Symptoms:
User configures network settings of a VM in a VPG to something different from the ZCA network settings, in terms of selected VPC, Subnet, and Security Group.
As a result, recovery to AWS will fail with the following error message:
Unable To Access S3 Bucket {aa} Which Is Required For Recovery Operations. Make Sure The Following Recovery Have Access To S3: VPC ID {yy} , Subnet Id {tt} , Security Group Id {ff}
Cause:
No access from the zImporter instance(s) to the ZCA's S3 bucket because VPC and/or Subnet and/or Security Group configured in the VPG do not have access to the S3 ZCA bucket.

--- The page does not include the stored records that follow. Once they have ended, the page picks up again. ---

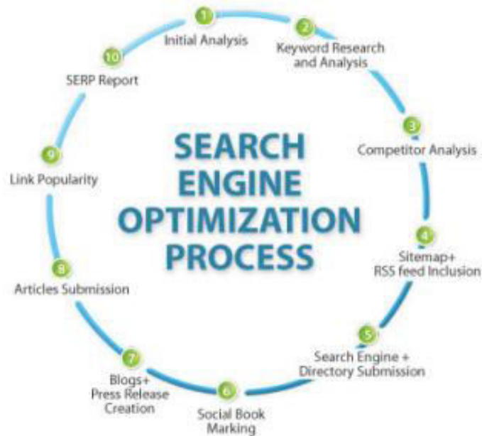
Slika 1 Proces optimizacije na tražilicama

proći prilikom optimizacije. Korisnicima je veoma bitno da prilikom pretraživanja do željenih rezultata dođu u što kraćem vremenu. Oko 80% korisnika interneta razne proizvode ili usluge traže upravo koristeći tražilice, a one same predstavljaju jednostavan i učinkovit način za reklamiranje tvrtke (Yalçın, N., Köse, U., 2010).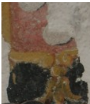
Décoration murale de l'église

L'église de St Priest Ligoure est inscrite à l'inventaire supplémentaire des monuments historiques par arrêté ministériel du 11 Octobre 1982. L'édifice s'inscrit dans un relief marqué dont la pente Est-Ouest vient s'achever une cinquantaine de mètres plus bas dans le cours d'eau de la Ligoure. La nef s'adosse à une maison d'habitation au Nord l'ancien presbytère, alors que la chapelle et la sacristie ouvrent sur le jardin voisin. Plusieurs campagnes de restauration de l'église ont permis : de 1981 à 1986 la remise en état des parements extérieurs, puis de 1989 à 1999 la restauration des parements intérieurs des chapelles Nord et Sud ainsi que des vitraux. En 2010, nous avons décidé de poursuivre le travail de restauration de l'édifice avec une première tranche de travaux ayant conduit au suivi et au remaniage de la couverture ainsi que la réalisation d'un état des lieux des décorations murales mettant à jour l'existence de décors peints d'une valeur historique non négligeable.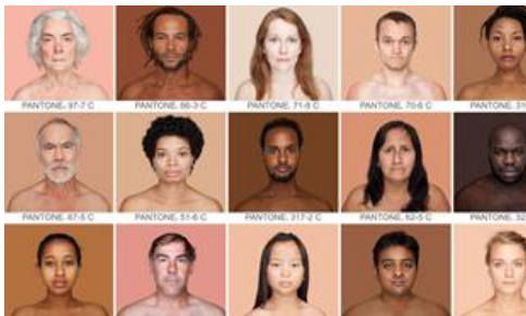
Angélica Dass(1979) Brasil

típico del campo chileno-, quien la observa y acompaña. La escena destaca por captar la esencia de la identidad campesina chilena, y también por los detalles con que reprodujo el traje del huaso y el paisaje local. Al reverso de un dibujo que Rugendas realizó sobre este mismo tema, aparece un breve diálogo entre los protagonistas, donde el huaso dice "¿con que lavando?" Ante lo que la lavandera responde ingenuamente: "y con jabón".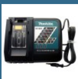
MAKITA Incarcator Rapid Li-Ion, 14.4-18V, DC18RC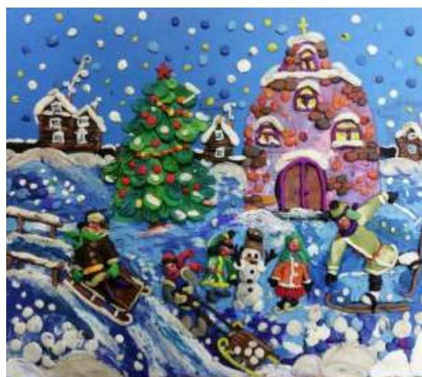
Сюжетная лепка. Пластилиновая живопись.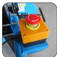
Bouton d'arrêt d'urgence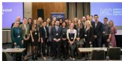
Zpravodaj 23: Stále pracujeme

spolupráce s občany a institucemi s cílem zlepšení zdraví celé společnosti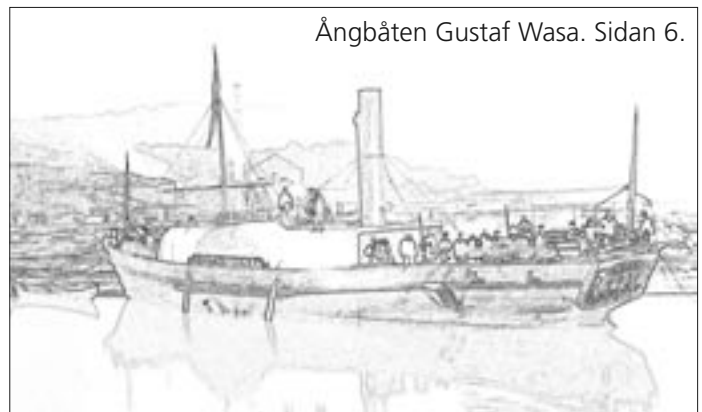
Ångbåten Gustaf Wasa. Sidan 6.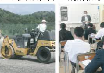
締固め機械(ローラー)運転特別教育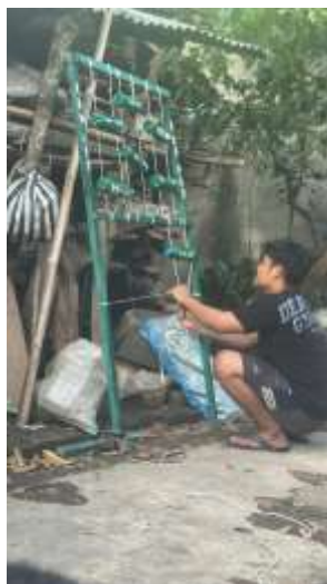
Pembuatan Lorong Sayur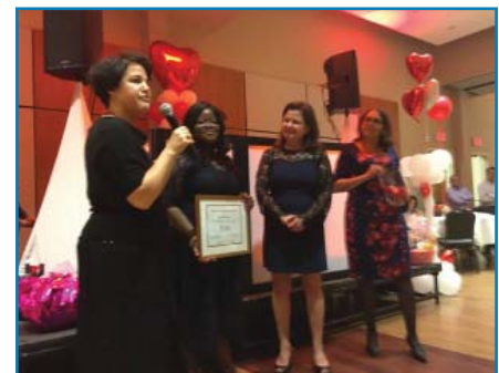
Cena y Baile de San Valentín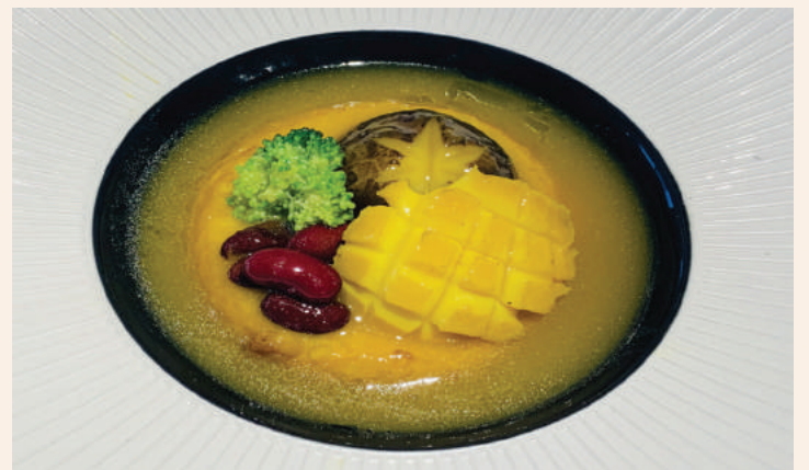
Món bào ngư sốt hồng xíu hấp dẫn người thưởng thức từ ánh nhìn đầu tiên bởi hình thức đẹp, bắt mắt và sẽ lưu luyến bởi hương vị tinh tế, mới lạ.

Thái quả dành dành, cho vào nước hầm xương để tạo màu vàng tươi cho món ăn thêm hấp dẫn. Thêm chút bột năng để tạo độ sệt sệt cho

There is no validation in Edit/Create VPG and thus a user will not know recovery to AWS will fail until an attempt is made.
Solution:
Workaround
1. Modify the selected VPC, Subnet, and Security Group so they can access the ZCA S3 bucket.
-OR-
2. Choose different network settings that do have access to the ZCA S3 bucket.
In order to setup access to the S3 bucket:
1. Create an S3 endpoint in the VPC.
2. Set the Outbound rules of the Security Group to allow all traffic.
NOTE: This is required because of IAM services that must be reached but no VPC endpoint can be created in AWS currently.